Сестромам. О тех, кто будет маяться - читать онлайн книгу. Автор: Евгения Некрасова cтр.№ 18

читать книги онлайн бесплатно
 
 

Онлайн книга - Сестромам. О тех, кто будет маяться | Автор книги - Евгения Некрасова

Cтраница 18
читать онлайн книги бесплатно

Домашний ад – несмотря на грех – не принимала и не мирилась. Покупала в магазине ириски, а не потаповскую карамель. Везла мужа в морской, а не речно-потаповский отпуск. Молчала, а не кричала потаповским криком в скандалах. Гремела потаповскими кандалами, но держалась. Потаповы старше-средние атаковали Лолу, но от той, как в панцирь закованной, отлетало рикошетом в младшего. В наушниках он долго принимал за шёпот, потом вдруг различил слова, следом расслышал интонацию, разозлился и тогда окочательно опотапился. Оставил музыку и мечту о чистой тишине и закричал. Мог орать теперь по сто раз на дню и жрать потаповскую карамель. Этого уже Лола не вытерпела и тоже опотапилась. После меня хоть потоп, – подумала она.

Лола растолстела, погрубела голосом, округлилась спиной. Кричала, как раньше молчала, часто. Причаливала к мужу, чтобы потребовать или унизить. Потапов-внук жалил в ответ как мог, повышая свою громкость и градус. Жизнь комкалась. Лола вставала на ступни мужа, давила на них, и от этого иногда случалась близость. Так она забеременела, топот маленьких ног мерещился старшим, средним и младшим Потаповым. Шили костюмчики и шапочки. Зашептали, попритихли, чтобы не спугнуть младшего внука заранее.

Через семь месяцев с сумкой карамели в ногтях, в животе с Потаповым-обречённым Лола зашла в дом и омыла свою семью взглядом. Вдруг из Лолиной промежности хлынул поток. Вода хлыстала, плясала, лизала каждый угол, каждый настенный узор, каждую потолочную царапину. Потаповы забились, заплескались, закричали в последний раз. И никто из них, кроме Лолы, не умел плавать.

Молодильные яблоки

1.

Старуха страху натерпелась. Это понятно, бог знает и видит, как бойко скачет этот автобус уже много десятилетий подряд по колдобинам ежедневностей, швыряясь водой из грязных луж.

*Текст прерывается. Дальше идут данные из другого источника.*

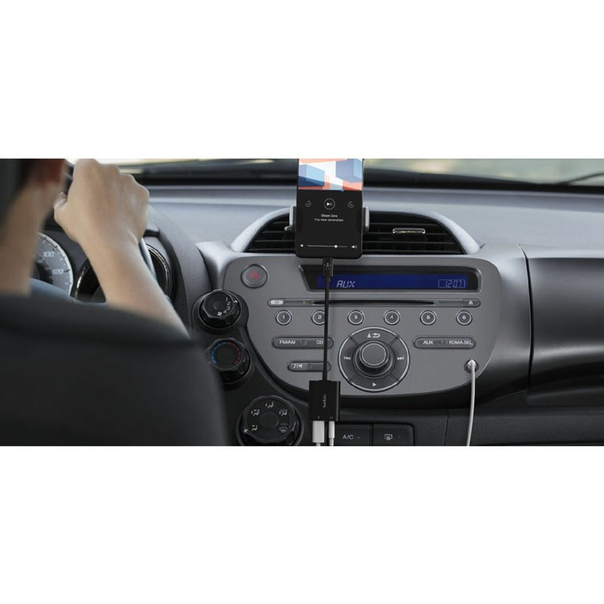 Plug the adapter into your phone's single USB-C port to configure both charging and audio output. A USB-C port enables a reliable charge and a 3.5mm audio jack allows you to listen to music or take calls.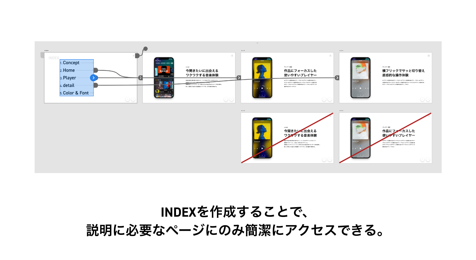 プロトタイプを作成する仕様上、アニメーションとして動かす用のアートボードができてしまうことが多いので、INDEXはプレビューの機能のもの使用せず、INDEX用のページを作成して、必要なページのみをリンクさせるようにしましょう。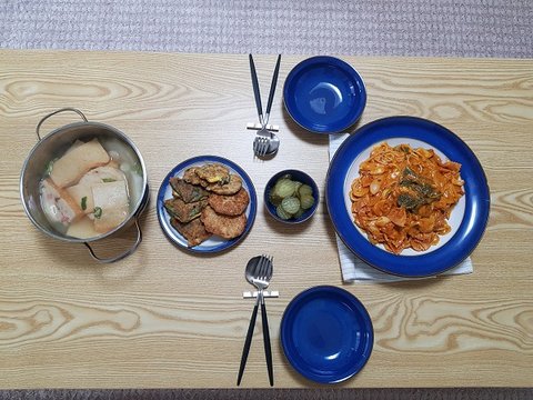 기특하고 대견하고. 동생이 좋아하는 로제파스타와 어묵탕 그리고 육원전, 깻잎전, 굴전 구워서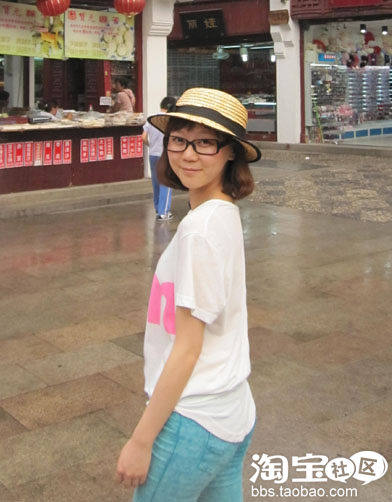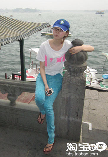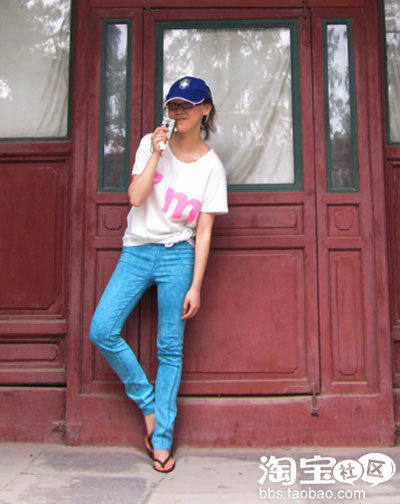 虽说是非常简单的T恤,但是宽松款式营造出的随意感很耐人寻味呢,醒目的枚红色字母和湖蓝色的铅笔裤上下呼应,有没有一点韩国妞儿的味道了?嘿嘿,我爱休闲的时尚。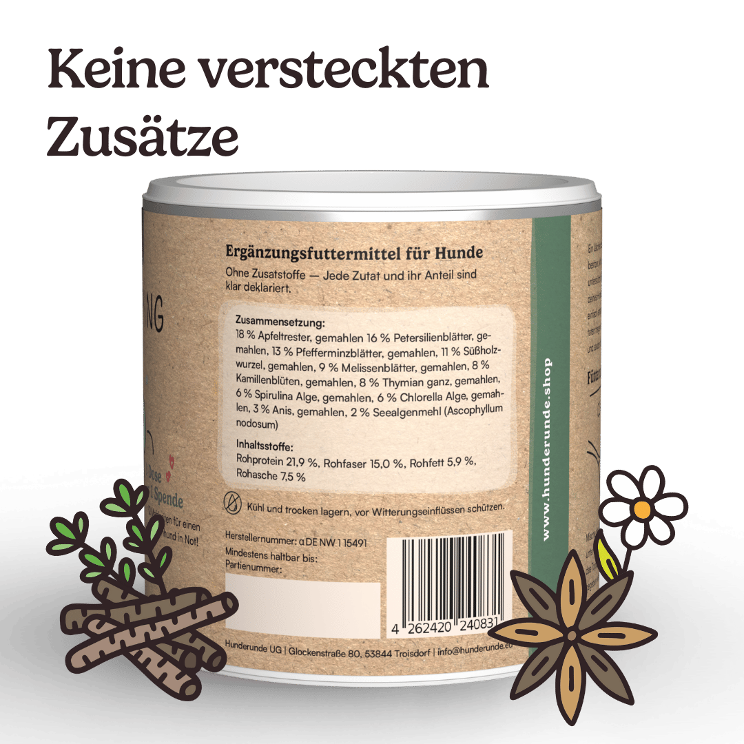 Unterstützt bei: Durchfall, Blähungen, gras fressen, Sodbrennen

Старуха натерпелась страху, и звали её Ангелиной Ивановной. Она, да, была ангелом, сухоньким, сгорбленным, но очень крепеньким и терпеливым. Ангелина Ивановна теперь ругала себя, что поленилась идти на станцию, а села в этого кашляющего железобоку-инакоходца. У правого плеча водителя метался святой образ, разделяя страдания народо-пассажиров. Электричка была младшей сестрой Ангелине Ивановне, роднее и даром. А тут плата за тряску – двадцать восемь рублей. Ибо сказано над дверью: льгот нет. И хорошо, что надела рейтузы слабее, ведь весна. А своя согнутая спина – в юности не сбережённая – ныла от спинки потёртого кресла. Но до станции – пешком половину города, а автобусная остановка – тут, под окнами старушечьего жилища. И тряслась Ангелина Ивановна до любимого огорода, чтобы проведать свои яблони и обрезать их старые, ненужные ветки. Электричка туда-обратно с пешей дорогой съедала полтора полезных часа, а Ангелине Ивановне сегодня ещё в поликлинику и готовить семье ужин.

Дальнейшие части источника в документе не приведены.